··· Dataset content

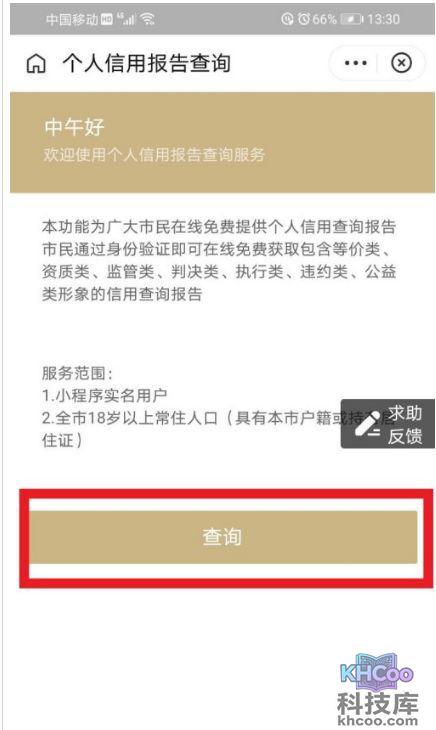 4、进入个人信用报告查询,点击“查询”确定,如图红色文本框:
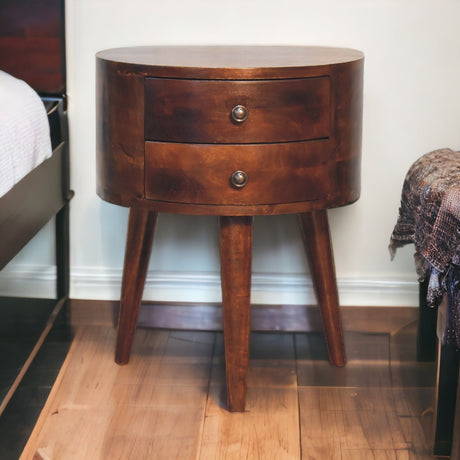 Solid Mango Wood Bedside Cabinet Curve With 2 Drawers - Birmingham
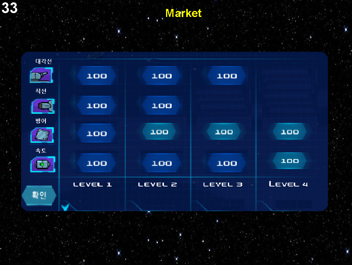 Market에서는 우주선의 업그레이드를 할 수 있음. 총알의 대각선, 직선, 방어, 속도 총 4가지 종류가 존재하며, 레벨에 따라 강화의 확률도 다르게 함.
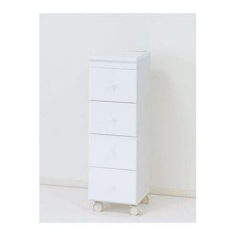 ●キッチンや洗面所の隙間に収納できるスリムな収納ワゴン、キャスター付で移動もラクラク。清潔感のあるホワイト色。天板・前面は汚れ等のお手入れが簡単です。

······

### Aim of the exercise
Reproduce only the lines from the first line of the listing above up to and including the line that holds "Market에서는 우주선의 업그레이드를". Omit the pictures.

### Output for this task
 4、进入个人信用报告查询,点击“查询”确定,如图红色文本框:
 Solid Mango Wood Bedside Cabinet Curve With 2 Drawers - Birmingham
 Market에서는 우주선의 업그레이드를 할 수 있음. 총알의 대각선, 직선, 방어, 속도 총 4가지 종류가 존재하며, 레벨에 따라 강화의 확률도 다르게 함.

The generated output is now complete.